Близкими помощниками отца Макария стали молодые монахи Амвросий (Гренков, 1812–1891), отец Ювеналий (Половцев) и Леонид (Кавелин), впоследствии также отец Климент (Зедергольм). Второй впоследствии стал архиепископом, третий был назначен наместником Свято-Троицкой Сергиевой Лавры, а первый упрочил известность Оптиной, став почитаемым старцем.
Слава об Оптинских старцах между тем распространялась по России. Н. В. Гоголь как-то из имения Киреевского отправился в Оптину. За две версты от обители писатель со своим спутником М. А. Максимовичем вышли из экипажа и пошли пешком до самой обители. На дороге они встретили девочку с миской земляники и хотели купить у нее ягод. Девочка, видя путешествующих людей, не захотела взять от них денег и отдала им землянику даром. «Пустынь эта распространяет благочестие в народе, – сказал Гоголь. – Я не раз замечал подобные влияния таких обителей». О своем посещении Оптиной пустыни Гоголь писал летом 1850 года своему близкому знакомому графу А. П. Толстому: «Я заезжал по дороге в Оптинскую пустынь и навсегда унес о ней воспоминанье. Я думаю, на самой Афонской горе не лучше. Благодать видимо там царствует. Это слышится в самом наружном служении… Нигде я не видал таких монахов, с каждым из них, мне казалось, беседует все небесное. Я не расспрашивал, кто из них как живет: их лица сказывали сами все. Самые служки меня поразили светлой ласковостью ангелов, лучезарной простотой обхождения; самые работники в монастыре, самые крестьяне и жители окрестностей. За несколько верст, подъезжая к обители, уже слышишь ея благоухание: все становятся приветливее, поклоны ниже и участие к человеку больше» (78, с. 594).

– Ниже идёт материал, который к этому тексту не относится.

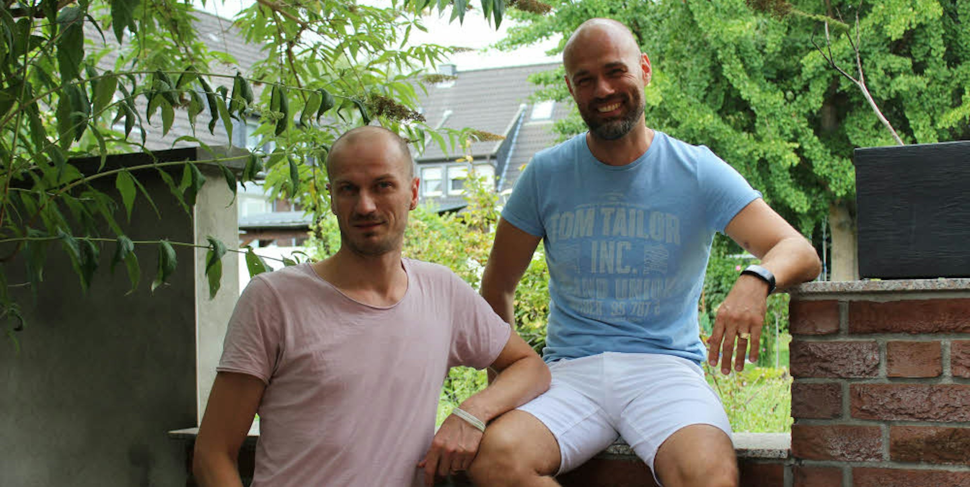 Frechen – Eigentlich sind Lucas und Martijn Theisen Großstadtmenschen. „Aber mit drei Hunden und einer Katze in Köln eine Wohnung zu finden, ist ein Ding der Unmöglichkeit“, sagt Lucas Theisen. Also sind der 36-jährige Tänzer und Choreograph und sein Partner, der zwei Jahre ältere, niederländische Moderator und Eventmanager Martijn Theisen, in Bachem gelandet – eine Entscheidung, die sie nicht bereut haben, zumal seit zwei Jahren auch ein vierjähriger Pflegesohn zur Familie gehört.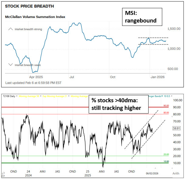 Despite the drop in QQQ, breadth held up OK this week. The McClellan Summation Index is tracking sideways, while the % of stocks above their 40dma is still more-or-less on the up.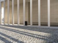 a street in front of a pillar next to some white columns and a black lamp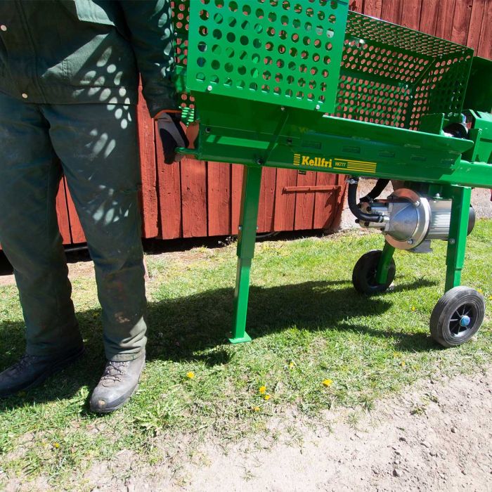 Der elektrohydraulische Holzspalter von Kellfri ist großzügig dimensioniert und bietet eine Spaltkraft von 7 Tonnen. Auf bis zu 70 cm stufenlos einstellbare Scheitlänge für eine höhere Spaltfrequenz bei kürzeren Scheiten. Der Holzspalter ist mit einem Schutzkäfig ausgestattet.

Стоит заметить, что великого писателя встречали в обители приветливо, однако к его сочинениям относились с высокими православными мерками. В Оптинской библиотеке сохранился отзыв святителя Игнатия (Брянчанинова, 1807–1867) на книгу «Выбранные места из переписки с друзьями», которая по мысли Гоголя должна была осветить сердца людей светом христианской истины, переписанный рукою отца Макария. Святитель Игнатий, близкий по духу оптинскому монашеству, отозвался о ней так: «Виден человек, обратившийся к Богу с горячностью сердца. Но для религии этого мало. Чтобы она была истинным светом для человека собственно и чтобы издавала из него неподдельный свет для ближних его, необходима и нужна в ней определительность. Определительность сия заключается в точном познании истины, в отделении ея от всего ложного, от всего лишь кажущегося истинным… Посему желающий стяжать определительность глубоко вникает в Евангелие, по учению Господа направляет свои мысли и чувства. Тогда он может отделить в себе правильные и добрые мысли и чувства. Тогда человек вступает в чистоту, как и Господь сказал после Тайной вечери ученикам Своим, яко образованным уже учением истины: Вы уже очищены через слово, которое
Я проповедал вам (Ин. 15, 3). Но одной чистоты недостаточно для человека: ему нужно оживление, вдохновение. Так, чтобы светил фонарь, недостаточно одного вымывания стекол, нужно, чтобы внутри его была зажжена свеча. Сие сделал Господь с учениками Своими. Очистив их истиною, Он оживил их Духом Святым, и они сделались светом для человеков. До принятия Духа Святого они не были способны научить человечество, хотя и были чисты. Сей ход должен совершаться с каждым христианином на самом деле, а не по одному имени: сперва просвещение истиною, потом просвещение Духом. Правда, есть у человека врожденное вдохновение, более или менее развитое, происходящее от движения чувств сердечных. Истина отвергает сие вдохновение как смешанное, умерщвляет его, чтобы Дух, пришедши, воскресил его в обновленном состоянии. Если человек будет руководствоваться прежде очищения его истиною своим вдохновением, то он будет издавать из себя и для других не чистый свет, но смешанный, обманчивый, потому что в сердце его лежит не простое добро, но добро, смешанное со злом более или менее. Всякий взгляни на себя и поверь сердечным опытом слова мои: как они точны и справедливы, скопированы с самой натуры. Применив сии основания к книге Гоголя, можно сказать, что он издает из себя и свет и тьму. Религиозные его понятия не определены, движутся по направлению сердечного, неясного, безотчетного, душевного, а не духовного. Так как Гоголь писатель, а в писателе от избытка сердца говорят уста (Мф. 12, 34), или: сочинение есть непременная исповедь сочинителя, по большей части им не понимаемая… то книга
Гоголя не может быть принята целиком и за чистые глаголы истины. Тут смешение. Желательно, чтобы этот человек, в котором видно самоотвержение, причалил к пристанищу истины, где начало всех благ. По сей причине советую всем друзьям моим по отношению религии заниматься исключительно чтением святых отцов, стяжавших очищение и просвещение, как и апостолы, и потом уже написавших свои книги, из коих светит чистая истина и которые сообщают читателю вдохновение Святого Духа. Вне этого пути, сначала узкого и прискорбного для ума и сердца, всюду мрак, всюду стремнины и пропасти. Аминь» (78, с. 596–597).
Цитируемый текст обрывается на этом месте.